Ilustración: Naxo Álvarez
El cine de ciencia ficción vuelve a estar de enhorabuena con este esforzado trabajo sobre misiones espaciales. Gravity (Alfonso Cuarón, 2014) o Interstellar (Christopher Nolan, 2015) precedieron con mucho éxito el nuevo proyecto de Ridley Scott, y elevaron el nivel técnico hasta cotas inimaginables, solo al alcance, generalmente, de los enormes presupuestos del cine norteamericano. Scott, como sabiendo que recuperar su sitio en el panorama no le iba a costar mucho, firma una película impecable en lo técnico, muy brillante aunque sin excesos en su aspecto más visual, y sólida en su construcción argumental.

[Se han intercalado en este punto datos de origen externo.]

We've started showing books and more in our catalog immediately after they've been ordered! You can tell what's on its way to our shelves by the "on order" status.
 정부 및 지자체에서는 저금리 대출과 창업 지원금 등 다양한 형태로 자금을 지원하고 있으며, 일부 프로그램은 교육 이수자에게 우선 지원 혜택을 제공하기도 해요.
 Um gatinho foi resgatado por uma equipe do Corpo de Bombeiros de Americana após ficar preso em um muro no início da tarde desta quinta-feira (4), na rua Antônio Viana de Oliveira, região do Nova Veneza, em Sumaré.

De este última disciplina se ha encargado Drew Goddard, un cuarentón con cara de travieso, responsable del guión de 8 episodios de Perdidos, de la valorada serie Daredevil, de Guerra Mundial Z o de aquella especie de mash-up odiado y amado que era La cabaña del bosque. Como se puede deducir, algo de talento e inventiva no le faltan y esto, en mayor o menor medida, se ha notado a lo largo de todo el filme de Ridley Scott. El texto firmado por Goddard lo pone fácil tratando al espectador con respeto y ciertas dosis de cariño que hace inevitable mirar para otro lado si algo de lo que hemos visto u oído no nos ha gustado. Que parezca no importarnos.

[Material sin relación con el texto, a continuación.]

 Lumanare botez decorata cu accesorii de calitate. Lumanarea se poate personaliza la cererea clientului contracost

En lo que al casting y las interpretaciones se refiere, nada que objetar ante la avalancha de grandes artistas que participan en Marte. Desde la eficacia a la que Matt Damon nos tiene acostumbrados, pasando por el buen feeling que transmiten las comedidas interpretaciones de Chiwetel Ejiofor, hasta el gran trabajo de Jeff Daniels, implacable y sin sobreactuar ni un segundo como jefe supremo de la NASA. Aspecto este último muy loable a tenor de los peligros de ser alguien importante dentro de un colectivo en una trama con clímax en los que la sugestión, la alegría o la tristeza, podrían haber jugado malas pasadas interpretándose de más.

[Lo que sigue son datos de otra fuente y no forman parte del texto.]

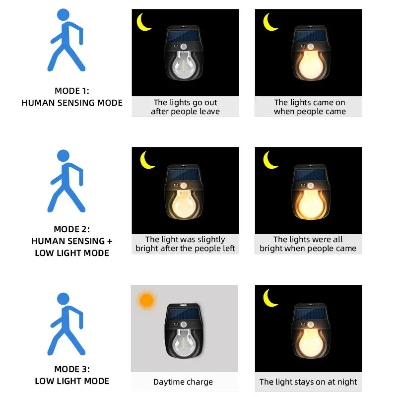 Versatile Lighting Modes:With 3 working modes, this solar lamp offers customizable brightness for various outdoor scenarios.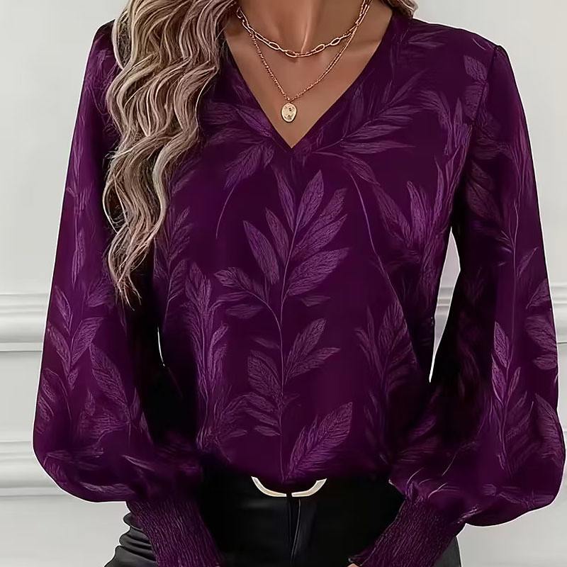 Women's Blouse Dressy Tops Leaf Plain Elegant Vintage Ladies Long Sleeve Puff Sleeve V Neck Regular Tops Daily Work Holiday Ruched Patchwork Print Blue Wine Purple Green Spring Fall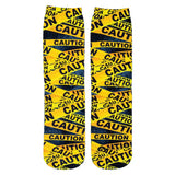 Not going with a full costume this year? Toss on these fun and funky Halloween socks to add subtle scariness to your attire! These socks, decorated with crime scene tape, are the perfect gift for thriller movie fans or true crime aficionados. Surprisingly comfy, it would be a crime to leave these in the drawer this spooky season! Polyester/nylon/spandex/elastodiene. Fits women's 10-12-1/2 and men's 8-1/2-13.

La conclusión que podemos daros como autores de esta humilde crítica es que, el día que elijáis, os sentéis en la butaca de la sala de cine listos para ser transportados al planeta rojo de la mejor manera posible. Antes lo intentaron con mayor o menor éxito películas como Desafío total (Paul Verhoeven, 1990), John Carter (Brad Bird, 2012) o Misión a Marte (Brian de Palma, 2000), pero Scott no quiere fanfarrias, solo quiere que sintamos las tormentas marcianas, que compartamos la soledad del astronauta Witney, que gocemos con su aventura y que, los que nunca perdimos la fe en el director, podamos repetir a los cuatro vientos que no es que haya vuelto, sino que nunca se fue.
Lo mejor: escrita con solidez, rodada con clase.
Lo peor: su recta final, ligeramente precipitada.